What is needed:
Retype word for word the stretch of entries below from the line that has "A section of" through the line that has "韓国ファッションカラーホワイト半袖スリーブTシャツシャツ ゆったりスプリングトップス ショート", and omit the pictures.

Recorded data:
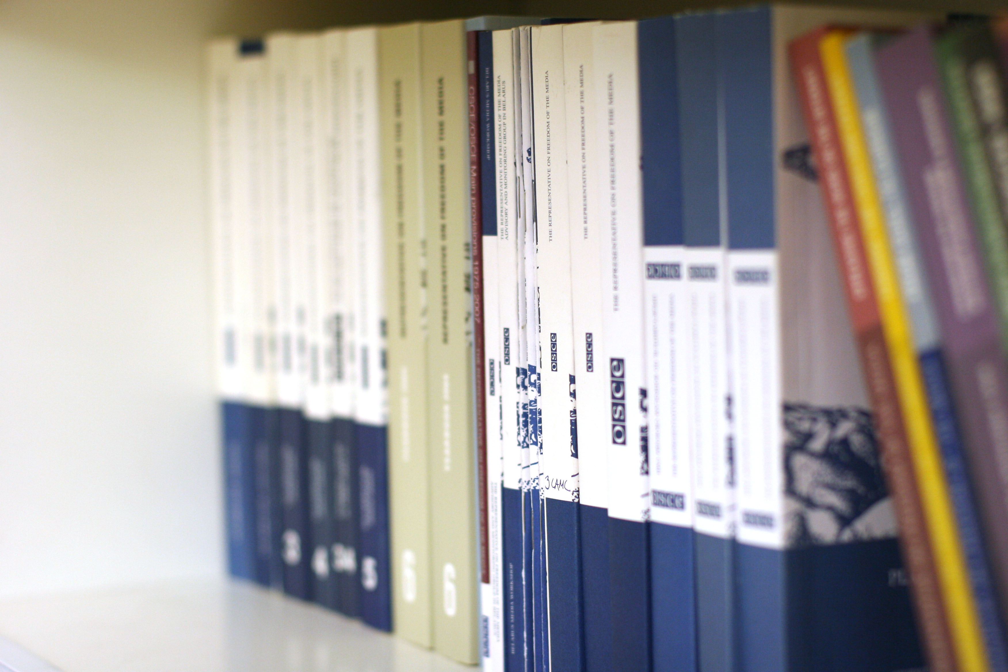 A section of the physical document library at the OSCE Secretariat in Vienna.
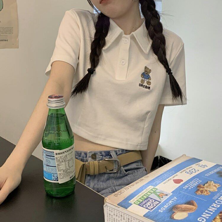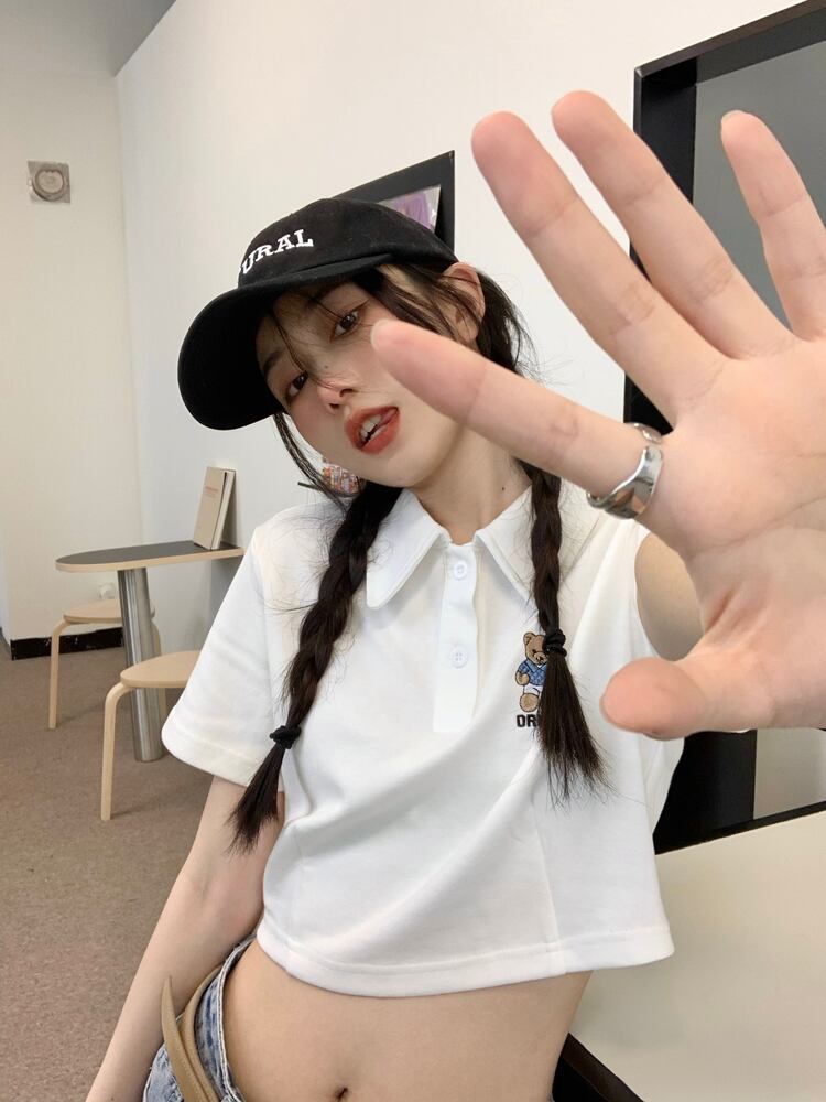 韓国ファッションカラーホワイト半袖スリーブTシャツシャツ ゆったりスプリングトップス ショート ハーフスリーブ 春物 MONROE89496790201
...
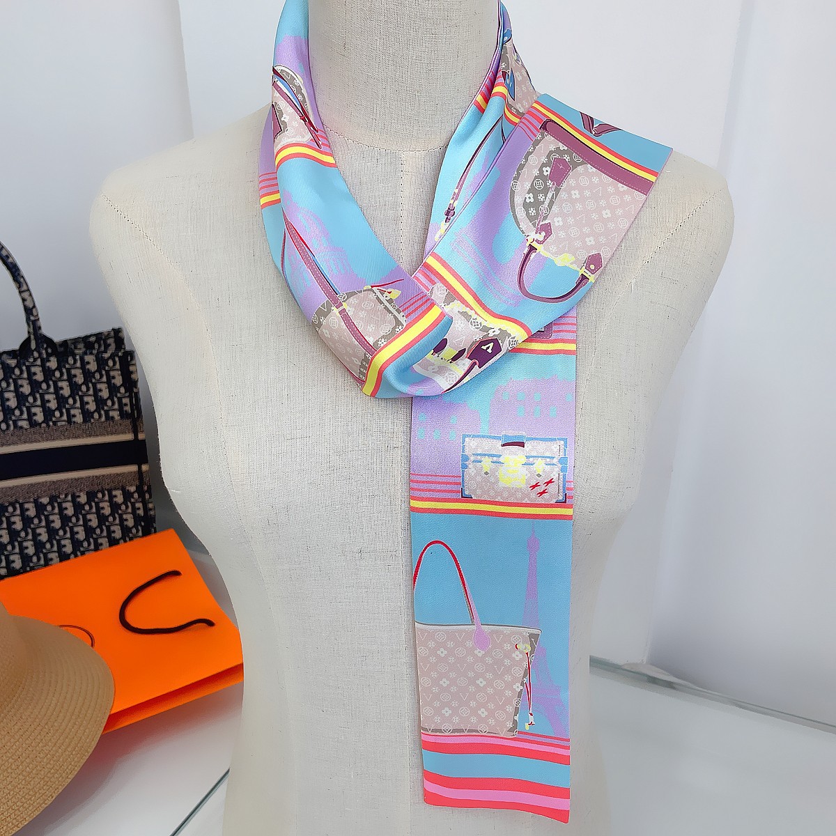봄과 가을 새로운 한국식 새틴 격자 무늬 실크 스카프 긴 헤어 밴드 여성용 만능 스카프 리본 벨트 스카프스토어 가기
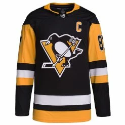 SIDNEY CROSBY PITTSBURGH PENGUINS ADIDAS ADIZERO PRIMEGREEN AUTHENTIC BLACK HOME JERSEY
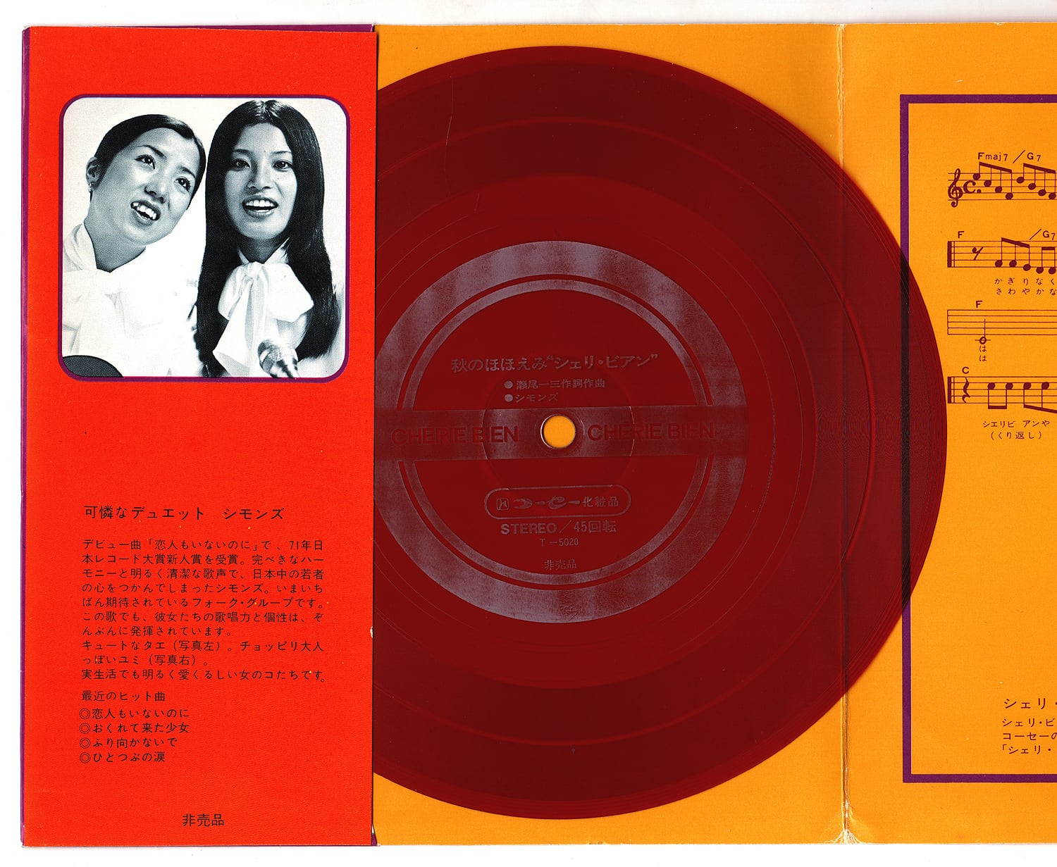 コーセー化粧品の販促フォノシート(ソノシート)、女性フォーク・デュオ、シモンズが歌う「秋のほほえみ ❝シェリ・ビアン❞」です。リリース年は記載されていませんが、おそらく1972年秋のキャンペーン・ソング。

Output:
 A section of the physical document library at the OSCE Secretariat in Vienna.
 韓国ファッションカラーホワイト半袖スリーブTシャツシャツ ゆったりスプリングトップス ショート ハーフスリーブ 春物 MONROE89496790201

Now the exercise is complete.